Strive President Anson Frericks, in a September email to Texas Comptroller Glenn Hegar, discussed a lunch he had in August with Hegar and certainly one of his top donors, oil and gas developer Ben “Bud” Brigham. Frericks in the e-mail requested a “warm introduction” to a state-based contact for an “emerging managers fund for brand new firms like Strive.”
“At lunch with Bud Brigham, you mentioned that TX has an emerging managers fund for brand new firms like Strive. Are you in a position to provide us with a contact for that fund (I cc’d our Head of Institutional Investing, Rob Melton)? Or make a warm introduction?” Frericks asked Hegar in the e-mail.
Hegar had argued in letters to money managers in 2022 that firms akin to BlackRock, HSBC and UBS are boycotting the energy industry, saying in an announcement that he believes “environmental crusaders” have created a “false narrative” that the economy can transition away from fossil fuels.

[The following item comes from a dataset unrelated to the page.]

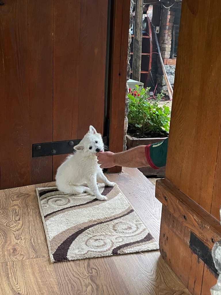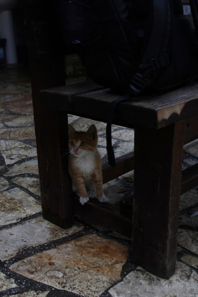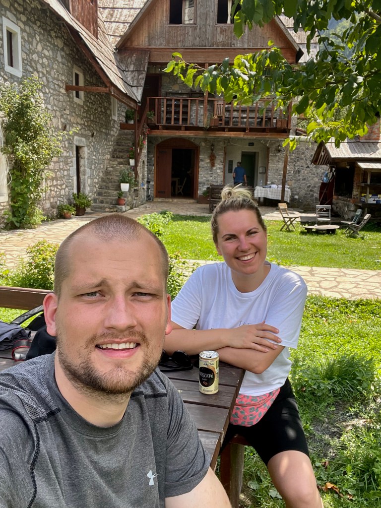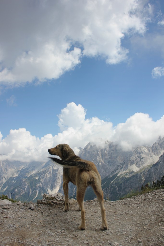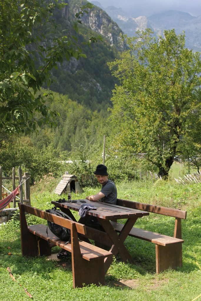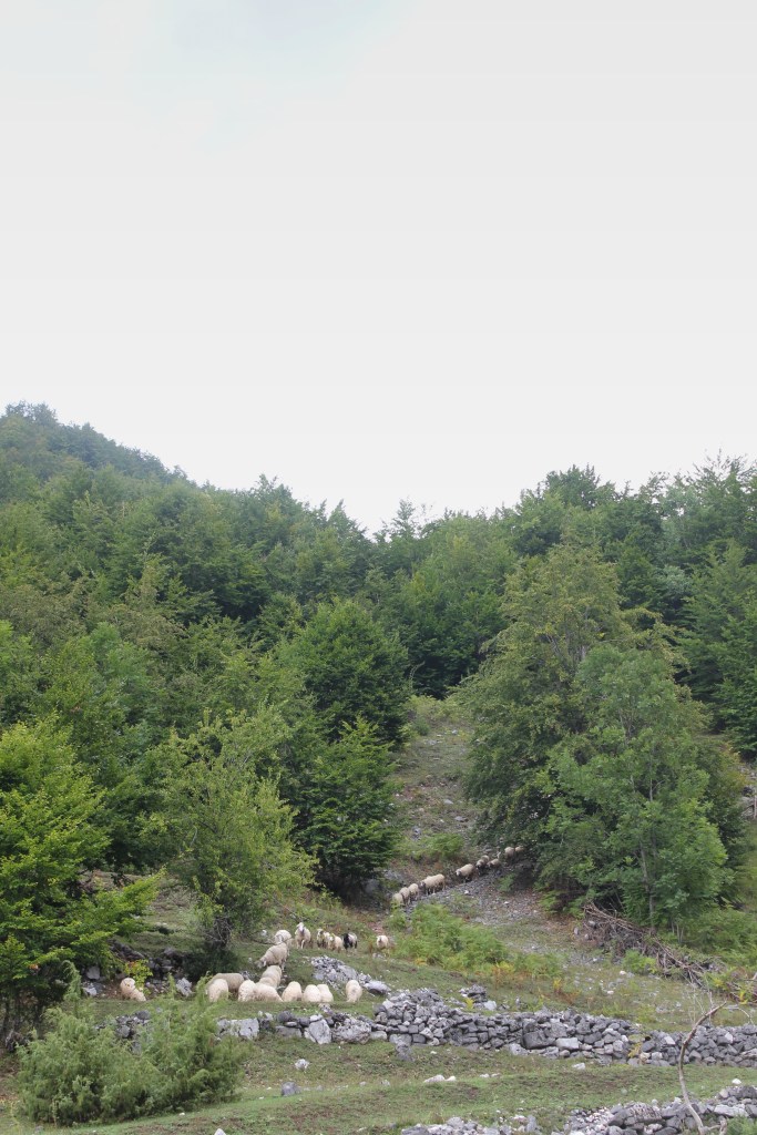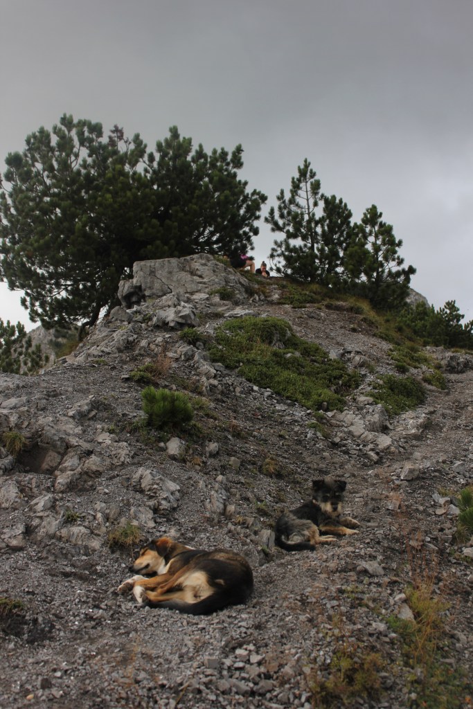 Pēc šīs filozofiskās nots, turpinām kāpienu lejā, kur bildējot aitas satikām niknu to sargu, kas sāka riet uz mums ne pa jokam un sapratām, ka labi ātri jāpazūd. Tuvojoties finišam, kas patiesībā bija vēl 1h gājiens, bet nu pa parastu, līdzenu akmeņu ceļu, sāka smidzināt lietus, piesēdām uz soliņa un tad jau sāka līt pamatīgi un mūs paaicināja vācu pāris zem sava kempera nojumes, kas bija kā dāvana, jo apkārt jau ilgu laiku nebija neviena cilvēka. Iepazināmies ar viņiem un viņu suni, kam ļoti garšoja mans pret iedeguma krēms uz kājām. Uzcienāja ar gardu kafiju un vafelēm. Papļāpājām gandrīz stundu gan par to, ka viņu izvēle krita par Balkānu apskati, taču otrajā vietā palika Baltijas valstis, un par piedzīvoto Albānijā kopumā. Lietus pārgāja un gājām tālāk. Mērķis bija skaidrs, viesnīca un apavu novilkšana.

Hours after Frericks sent his September email, Hegar replied in an email that he obliged the request for an introduction and forwarded Frericks’ email to Mike Reissig, the CEO of the Texas Treasury Safekeeping Trust Company. That entity was created by the Texas Legislature “as a special purpose entity to efficiently and economically manage, invest and safeguard funds for its clients: the state and various subdivisions,” in line with its website.
Hegar is the chair of the Texas Treasury Safekeeping Trust Company.
That introduction led to a March meeting being scheduled in Austin between Reissig, Frericks and Kopko to debate Strive’s proxy voting services, in line with the emails.
Representatives for Hegar and Reissig didn’t reply to requests for comment.
Federal Election Commission records show that Brigham, the identical oil and gas executive who had lunch with Frericks in August, donated $6,600 in March to Ramaswamy’s campaign for president. That quantity represents probably the most a person donor can provide on to a campaign within the 2024 election cycle.